Array within an array

I want to have an array within an array .
For example, I want b[10] to store 10 different values for a[2]
I've written the code for this ..

  #include <iostream>
#include <conio.h>

using namespace std;

int main ()
{int x,y,c,d,e,i;
int b[100];
int a[100];
for (y=0;y<3;y++)
{
	for (i=0;i<2;i++)
	{if (i==0)
	{cout <<"X coordinate"<<endl;
	
	}
	else 
	{cout <<"Y coordinate"<<endl;
	
	}
	cin>>a[i];

	}

	b[y]=a;


}
for (x=0;x<3;x++)
{cout<<b[x]<<endl;

}

return 0;
}

But ,it says "invalid conversion from 'int*' to 'int' So,I changed b[100] to *b[100] ,I don't really know what that does though.
Now, I figured,it should run fine, but it prints the last value for "x coordinate" three times.
So:


X coordinate 1
Y coordinate 2
X coordinate 3
Y coordinate 4
X coordinate 5
Y coordinate 6
5
5
5

How am I supposed to make this work?
Thanks

PrivateRyan (95)

It sounds like you want a two-dimensional array (I think that is what you are asking for).
http://www.cplusplus.com/doc/tutorial/arrays/

A * character defines a pointer. I believe you are probably not looking to dynamically allocate memory for your array since you already seem to know what size you want.

Last edited on

killbox (16)

Can you tell me how I would do it in this case?

closed account (E0p9LyTq)

killbox wrote:
Can you tell me how I would do it in this case?

int myArray[100][100];.

If you want to access the 10th "b" element of the 2nd "a" element you could use (remember array elements are zero-based!):
int some_value = myArray[1][9];

Last edited on

killbox (16)

OK.
I was looking for something like this :--
B[y]= a[i]
So, for every different value of y, there is an array.
So if there are nine values for y, there are nine different arrays.
With multidimensional arrays, I'd have to make mine dimensions.

closed account (E0p9LyTq)

killbox wrote:
For example, I want b[10] to store 10 different values for a[2]

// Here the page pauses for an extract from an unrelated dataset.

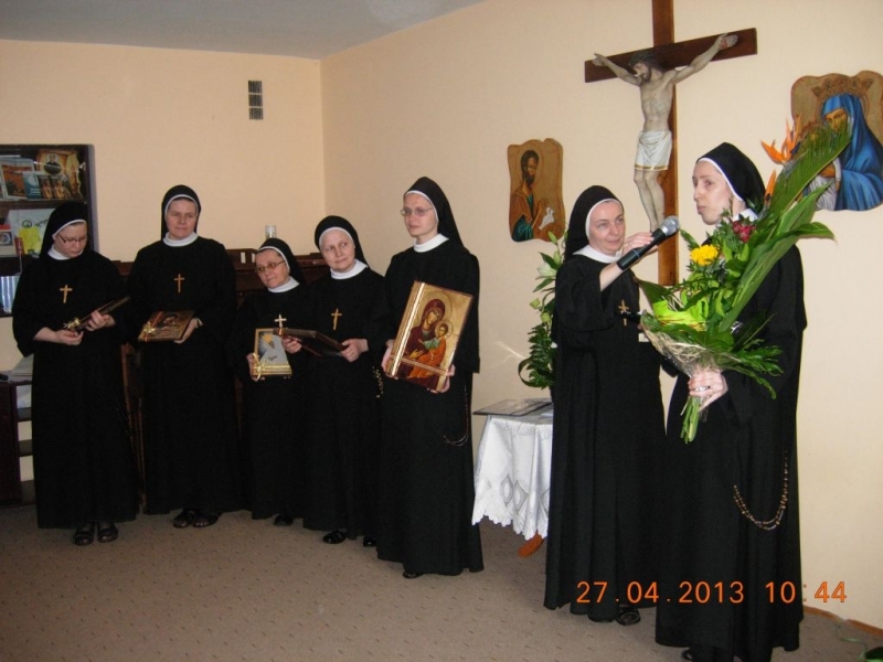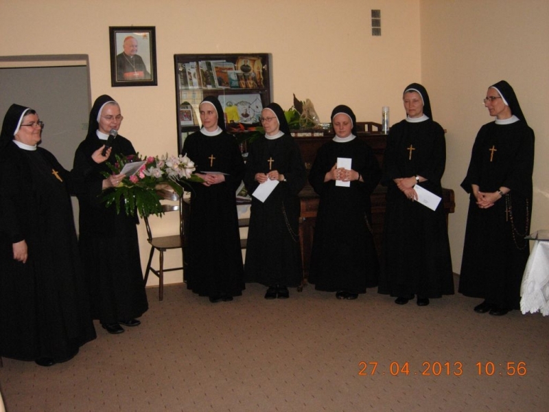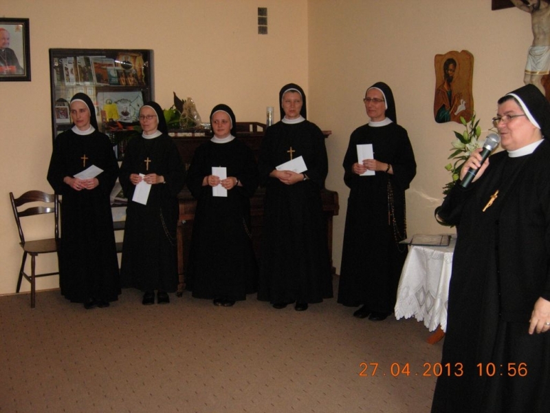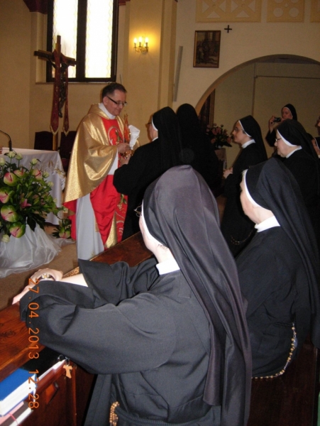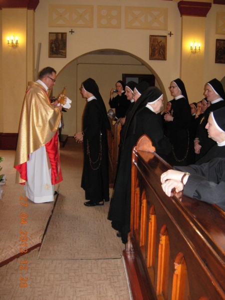 Po życzeniach i gratulacjach miała miejsce druga część uroczystości – Eucharystia celebrowana przez Ks. Aleksandra Radeckiego, pełniącego posługę Ojca Duchownego w Metropolitalnym Wyższym Seminarium Duchownym we Wrocławiu. Podczas Eucharystii Siostry przez wstawiennictwo Maryi Matki Kościoła zawierzały posługę nowo mianowanych Sióstr upraszając dla nich dary Ducha św. i wszystkie łaski potrzebne do jak najlepszego wypełnienia zleconej misji. Siostry Prowincji w darze od Matki Generalnej otrzymały relikwie bł. Jana Pawła II.

Just declare a 3 dimensional array, for example: int myArray[100][100][10];. Access the "c[]" 10 elements by:

for (int i = 0; i < 10; i++)
   {
      myArray[2][10][i] = i;
   }

Chervil (7320)

int myArray[100][100];

If you want to access the 10th "b" element of the 2nd "a" element you could use (remember array elements are zero-based!):
int some_valuemyArray[1][9];

I'm not sure this makes sense.

int some_valuemyArray[1][9];

is declaring another, separate array with one row and nine columns.

To access an element of the first array, it would be something like

cout << "second row, tenth column value is " <<  myArray[1][9];

Last edited on

closed account (E0p9LyTq)

Chervil wrote:
I'm not sure this makes sense.

That was some VERY sloppy editing on my part, I cleaned it up.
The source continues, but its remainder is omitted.